(Stored data):

◆ ◆ ◆ ◆

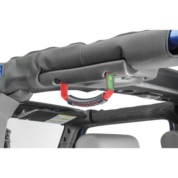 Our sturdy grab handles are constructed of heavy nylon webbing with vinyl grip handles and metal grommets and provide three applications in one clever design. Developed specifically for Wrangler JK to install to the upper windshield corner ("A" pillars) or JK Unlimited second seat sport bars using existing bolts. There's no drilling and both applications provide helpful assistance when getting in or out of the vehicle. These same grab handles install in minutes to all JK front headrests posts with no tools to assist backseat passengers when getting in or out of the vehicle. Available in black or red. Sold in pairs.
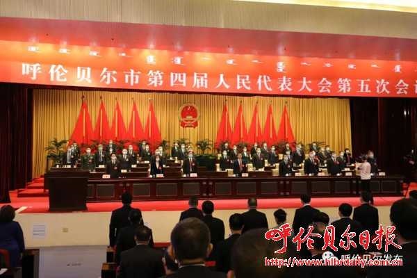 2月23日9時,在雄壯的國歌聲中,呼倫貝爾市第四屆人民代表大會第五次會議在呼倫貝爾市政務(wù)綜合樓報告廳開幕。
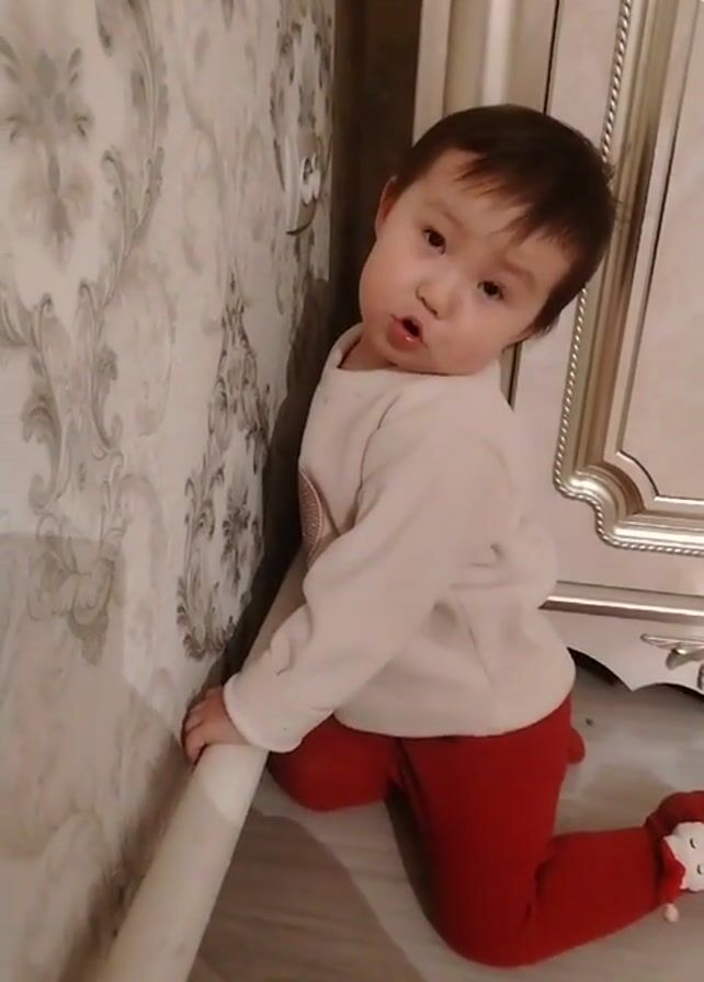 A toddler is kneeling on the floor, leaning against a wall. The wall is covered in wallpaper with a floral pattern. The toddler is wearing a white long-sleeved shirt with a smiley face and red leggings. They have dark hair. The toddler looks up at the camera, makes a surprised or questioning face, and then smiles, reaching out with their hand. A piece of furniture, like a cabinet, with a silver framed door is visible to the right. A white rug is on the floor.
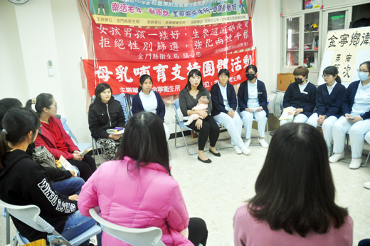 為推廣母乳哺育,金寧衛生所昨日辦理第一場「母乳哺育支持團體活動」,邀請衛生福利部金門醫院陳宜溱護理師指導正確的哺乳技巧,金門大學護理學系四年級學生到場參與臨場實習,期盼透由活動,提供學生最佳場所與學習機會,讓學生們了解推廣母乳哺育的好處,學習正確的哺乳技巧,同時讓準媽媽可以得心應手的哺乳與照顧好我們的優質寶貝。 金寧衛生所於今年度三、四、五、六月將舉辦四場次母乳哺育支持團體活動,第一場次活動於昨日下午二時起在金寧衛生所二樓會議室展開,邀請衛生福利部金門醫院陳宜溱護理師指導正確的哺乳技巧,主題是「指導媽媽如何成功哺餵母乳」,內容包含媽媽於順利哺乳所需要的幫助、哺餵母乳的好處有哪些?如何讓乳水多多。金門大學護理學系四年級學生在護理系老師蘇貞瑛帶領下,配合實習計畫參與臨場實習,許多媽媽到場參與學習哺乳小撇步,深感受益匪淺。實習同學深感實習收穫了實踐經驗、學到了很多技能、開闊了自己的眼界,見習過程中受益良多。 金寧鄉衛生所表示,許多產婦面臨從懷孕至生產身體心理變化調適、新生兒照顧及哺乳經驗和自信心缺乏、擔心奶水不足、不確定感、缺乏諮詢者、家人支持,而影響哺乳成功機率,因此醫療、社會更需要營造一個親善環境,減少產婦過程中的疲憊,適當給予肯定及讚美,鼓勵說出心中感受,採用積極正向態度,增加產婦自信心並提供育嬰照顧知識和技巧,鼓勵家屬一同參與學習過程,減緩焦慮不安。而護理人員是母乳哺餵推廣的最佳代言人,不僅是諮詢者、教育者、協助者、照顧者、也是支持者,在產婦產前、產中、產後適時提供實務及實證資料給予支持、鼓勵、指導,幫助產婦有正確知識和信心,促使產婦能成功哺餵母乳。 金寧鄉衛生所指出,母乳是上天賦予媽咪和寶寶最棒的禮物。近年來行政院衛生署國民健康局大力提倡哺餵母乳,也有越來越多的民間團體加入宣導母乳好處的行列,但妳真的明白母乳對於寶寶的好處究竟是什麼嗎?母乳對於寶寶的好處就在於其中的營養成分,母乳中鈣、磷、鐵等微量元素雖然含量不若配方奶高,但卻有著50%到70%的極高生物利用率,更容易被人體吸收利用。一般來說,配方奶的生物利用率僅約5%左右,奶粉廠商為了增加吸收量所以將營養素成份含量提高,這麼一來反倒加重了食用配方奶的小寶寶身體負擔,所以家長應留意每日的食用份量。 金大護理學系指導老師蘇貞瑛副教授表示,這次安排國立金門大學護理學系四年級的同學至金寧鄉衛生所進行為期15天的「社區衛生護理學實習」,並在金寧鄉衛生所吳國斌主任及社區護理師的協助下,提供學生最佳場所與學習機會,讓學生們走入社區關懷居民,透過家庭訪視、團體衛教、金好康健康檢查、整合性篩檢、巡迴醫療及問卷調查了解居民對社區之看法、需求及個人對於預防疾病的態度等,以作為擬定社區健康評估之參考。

◆ ◆ ◆ ◆

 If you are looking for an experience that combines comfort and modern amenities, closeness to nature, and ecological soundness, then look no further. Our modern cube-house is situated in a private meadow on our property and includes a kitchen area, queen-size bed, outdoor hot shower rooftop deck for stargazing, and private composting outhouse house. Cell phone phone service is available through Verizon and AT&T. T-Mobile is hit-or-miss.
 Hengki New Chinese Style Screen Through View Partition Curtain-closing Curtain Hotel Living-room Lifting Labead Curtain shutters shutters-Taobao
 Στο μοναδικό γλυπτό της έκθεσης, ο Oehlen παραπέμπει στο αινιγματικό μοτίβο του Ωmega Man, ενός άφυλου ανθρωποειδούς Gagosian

◆ ◆ ◆ ◆

(Exercise goal): Could you transcribe the entries above word for word, from the line with "Hengki New Chinese" down to the line with "Στο μοναδικό γλυπτό", keeping both?

(Solution to the exercise):
 Hengki New Chinese Style Screen Through View Partition Curtain-closing Curtain Hotel Living-room Lifting Labead Curtain shutters shutters-Taobao
 Στο μοναδικό γλυπτό της έκθεσης, ο Oehlen παραπέμπει στο αινιγματικό μοτίβο του Ωmega Man, ενός άφυλου ανθρωποειδούς Gagosian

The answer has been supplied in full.